I’m new here, so thanks for indulging me. I looked through some very helpful previous threads on charging system issues, but none seemed to address the exact problem I’m having, so I decided to start my own.

I have a 2009 Versys with approx. 36,000 miles. I recently had what I see is a common problem with this model — charging system failure due to a burnt stator. I replaced the stator with an ElectroSport ESG638, and the bike is now running fine, but I’m getting what I think are strange charging voltage readings.

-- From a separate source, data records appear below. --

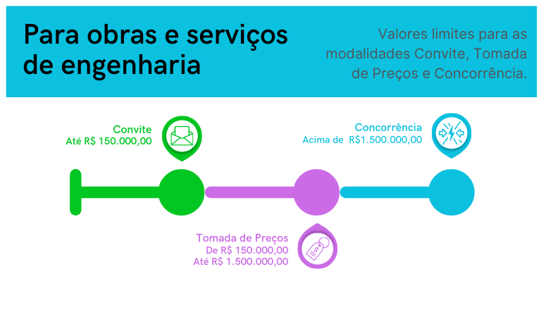 Para obras e serviços de engenharia: até R$ 1.500.000,00 (um milhão e quinhentos mil reais).
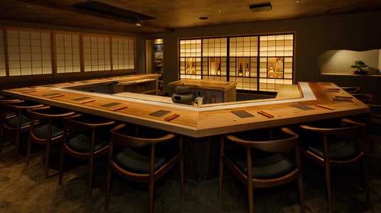 店内はカウンター15席のみ。障子に欄間、盆栽など和を基調としたデザインとなっております。
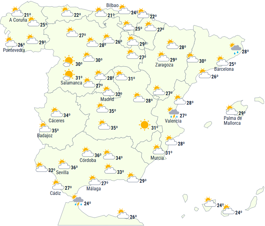Dagstemperaturerne kan overstige 35 grader i Guadalquivir og sydøstlige dale, mens nattemperaturerne ikke falder til under 20 grader i Middelhavsområdet og Guadalquivir.
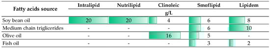 Since there are multiple ways of providing PN therapy, in the literature concerning Y-site compatibility, PN is defined in various ways, either as 2-in-1 PN in the form of solution or as 3-in-1 PN admixture in the form of lipid emulsion. Lipid emulsion is a critical component of PN. It is prone to many destabilization factors. Due to their ability to neutralize repellent electrostatic interactions between lipid droplets, exposure to acidic conditions, especially at pH below 5.5, and high concentrations of calcium and magnesium ions are the main known destabilizers of lipid emulsions [41]. Infusing unstable lipid emulsions separately or as an ingredient of a PN with droplets that exceed the internal diameter of the pulmonary microvasculature increases the risk of embolic syndrome [42]. As shown in several studies, the type of lipid emulsion can affect compatibility [43,44,45]. This is a result of different oil compositions between preparations and, in some cases, various types or concentrations of excipients. A comparison of intravenous lipid emulsions used to prepare neonatal or pediatric PN is shown in Figure 3.

At idle, voltage at the battery is around 14.1-14.4, but as engine speed rises to around 4,000-5,000 RPM, voltage DROPS to between 13.4-13.9 V. A little bit more information:

-Battery tested good at the local auto parts store. And it holds a charge (~12.8 V) very well.

-Tested rectifier resistance with a multimeter and everything seemed fine, but I didn’t have 3 12V batteries to complete the testing suggested in the service manual. Decided to replace with a $20 used stock R/R from Ebay, but nothing changed after switching them out — I’m getting the same voltage readings at the battery.

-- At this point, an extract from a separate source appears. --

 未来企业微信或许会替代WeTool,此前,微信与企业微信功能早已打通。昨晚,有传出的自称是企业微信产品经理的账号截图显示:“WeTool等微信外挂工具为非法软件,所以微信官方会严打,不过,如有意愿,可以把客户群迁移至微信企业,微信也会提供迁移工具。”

-Checked and cleaned engine and chassis grounds. They are clean and tight.

-After replacing the stator, voltage at the alternator lead connector seems fine, if a little high (I’m getting around 48-50 V).

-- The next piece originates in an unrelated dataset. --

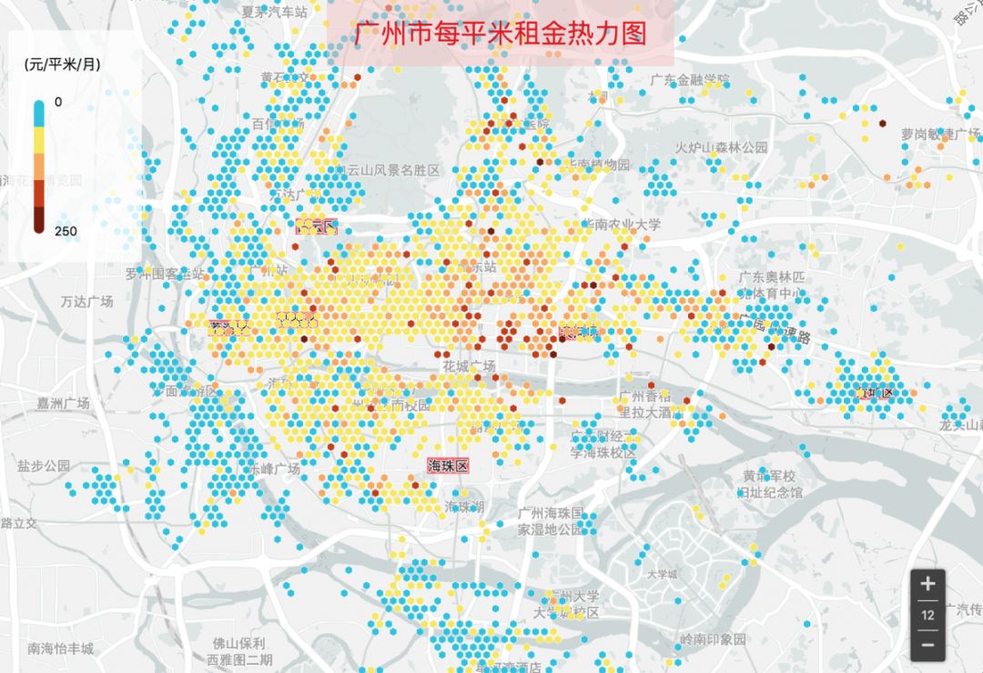 相較北京和上海,廣州每平米月租金明顯以100元以下的房源占主導。100元以上的比較零星,主要分布在體育中心、跑馬場、以及崗頂站周圍,荔灣、越秀中心也有一些。看來廣州還是一個租房比較友好的城市啊。

My electrical knowledge is limited, and at this point I’m at a loss… could the battery be bad even though it load tested good? Could this be caused by a loose or corroded connection somewhere (if so, what might be a good place to start looking, since it’s not the engine or chassis grounds, and the alternator and R/R connectors look fine)? Or does the voltage drop with increasing RPM I’m describing fall somewhere in the range of normal behavior for the stock Versys charging system? Output at 4,000-5,000 RPM might (?) still be enough to charge the battery, but it’s not what I should be seeing according to the service manual.

The Polaris R/R mod seems like a great idea, and I think I'll give it a try this winter, but I want to figure out what’s going on with the setup I have now before diving into that…

Thanks again for reading.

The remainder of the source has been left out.